Anaxus III considered the three men standing in front of him. Lords Orin, Tong and Bordar. Norgad lord who had pledged their support to the Empire in exchange for a share of its plunder.
"You cannot continue this battle." The Norgad Lords were adamant.
"You agreed to fight this war alongside me. Are you betraying your Emperor?"
"We agreed to help you storm a defenseless Tower. We never agreed to a siege where sorcerers would rain down flaming boulders upon our men."
"An unfortunate complication. But the sorcerers grow weaker every day. We will still be victorious. It is only a matter of time."
Orin stepped closer to the Emperor. "We are not alone in our unease with the war. Every day we are away is another tax upon the society built by your people and mine. Many of your advisers agree that the Empire is overstretched. Many of your generals would rather be quelling unrest back home. And in your absence, some are considering causing unrest back home."
Anaxus would never take these foreign nobles' word on anything. But he knew they were right. He knew that this was war cost costing blood and treasure he couldn't afford. It had been fifty years since the Etorans had waged a war so far from home. Anaxus had thought his Empire had recovered from its tragedy, but he was questioning himself.
If the war dragged on, his governors would rebel. The Norgads and the Irinians would invade. His nobles would seek to overthrow him, and his army would desert him. Anaxus couldn't allow that.
If Anaxus surrendered, he would appear weak. He would appear foolish. It would damage his reputation, but his Empire could survive. Except that Anaxus couldn't.
Koteph would murder him. The sorcerer would kill the Emperor for his betrayal. Anaxus knew he was mortal, and knew nothing he could do could prevent Koteph from killing him. Almost nothing, that is.
Anaxus would just need to have Koteph killed in his sleep.
Lencius, Master of Potions, thought of his two pupils. Initially, there had been resentment between them. Hatred, almost. Marius had been jealous of Dran's wit and talent. Dran had been jealous of Marius' experience, and his group of friends. But the two of them had come to work together. Dran tutored Marius on all the esoteric topics he had learned in his exile. And Marius had introduced Dran to the other students he had met at his time at the Green Tower.
There was a camaraderie between them now. They were as close as any students Lencius had ever taught. They were explaining new weapon of Dran's devising. "A poison gas," he explained. "We can launch it into the midst of their army, and kill thousands at a time."
"That is horrifying," Lencius responded.
"We need to kill those thousands anyway. This just lets us do it more easily."
"I wasn't condemning you. I was stating a fact. How do you get the raw power?"
"Ice," Dran said. "As heat flows from hot to could, we siphon some off and use it to power-"
"I'm familiar with the procedure, Dran. I taught a class on it. Although in my class we used the flow between a fire and a bucket of water, not between melting ice and open air."

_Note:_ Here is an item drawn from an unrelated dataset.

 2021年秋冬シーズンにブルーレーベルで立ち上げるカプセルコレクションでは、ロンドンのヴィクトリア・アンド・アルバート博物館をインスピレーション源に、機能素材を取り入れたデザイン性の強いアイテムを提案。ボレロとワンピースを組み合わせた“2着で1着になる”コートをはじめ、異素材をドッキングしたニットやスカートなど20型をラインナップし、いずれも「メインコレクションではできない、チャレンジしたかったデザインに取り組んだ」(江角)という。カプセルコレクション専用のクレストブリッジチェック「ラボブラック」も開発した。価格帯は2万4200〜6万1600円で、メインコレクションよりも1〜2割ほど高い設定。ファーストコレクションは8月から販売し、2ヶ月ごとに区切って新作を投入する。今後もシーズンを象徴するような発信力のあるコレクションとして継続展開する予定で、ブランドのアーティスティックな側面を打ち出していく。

"Well, nobody in this wing of the Tower knows the True Name of fire. So ice it is."
Lencius was impressed. Dran was a brilliant potioner, and a powerful mage. Those two traits weren't often united in the same individual. Adding in Dran's clever nature and resourcefulness, and Lencius had no doubt that the student would one day outshine the Master. Perhaps all the Masters.

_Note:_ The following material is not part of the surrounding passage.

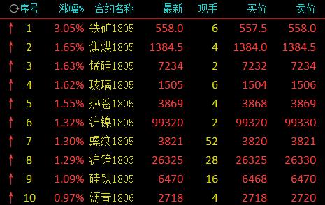截止中午收盘,铁矿涨3.05%,焦煤涨1.65%,锰硅涨1.63%;跌幅方面,淀粉跌0.98%,苹果跌0.92%,PVC跌0.88%。

"Impressive," Lencius said. "How much can we make."
"We can have the system up and running in a few more days," Marius answered.
"What system?"
"It was Dran's idea," Marius explained. "He thinks that if we want to make a lot of a potion- really a lot- our best shot is to enchant the materials. To use spells so the beakers and flasks stir and boil themselves at the appropriate time. We have the plans. We will feed in the raw materials, provide the occasional spells, and the system will spit out twenty flasks of completed potion every day, ready to be vaporized and hurled to the enemy camp."

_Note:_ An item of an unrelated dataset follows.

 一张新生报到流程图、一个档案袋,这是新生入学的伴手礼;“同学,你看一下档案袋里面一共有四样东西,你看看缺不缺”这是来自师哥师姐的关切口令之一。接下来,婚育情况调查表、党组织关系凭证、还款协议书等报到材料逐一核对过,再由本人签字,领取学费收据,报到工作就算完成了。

"So, you plan for the potion to be made without... potioners?"
"For the most part," Dran explained. "There are some parts that are easier to do by hand, of course."
Lencius had a brief vision. Of Dran created a thousand such systems, pouring out the noxious potion, flooding the landscape with poison gas. But he knew that couldn't happen. Dran was a good person. Only a man of unbelievable cruelty could ever be capable of such a thing.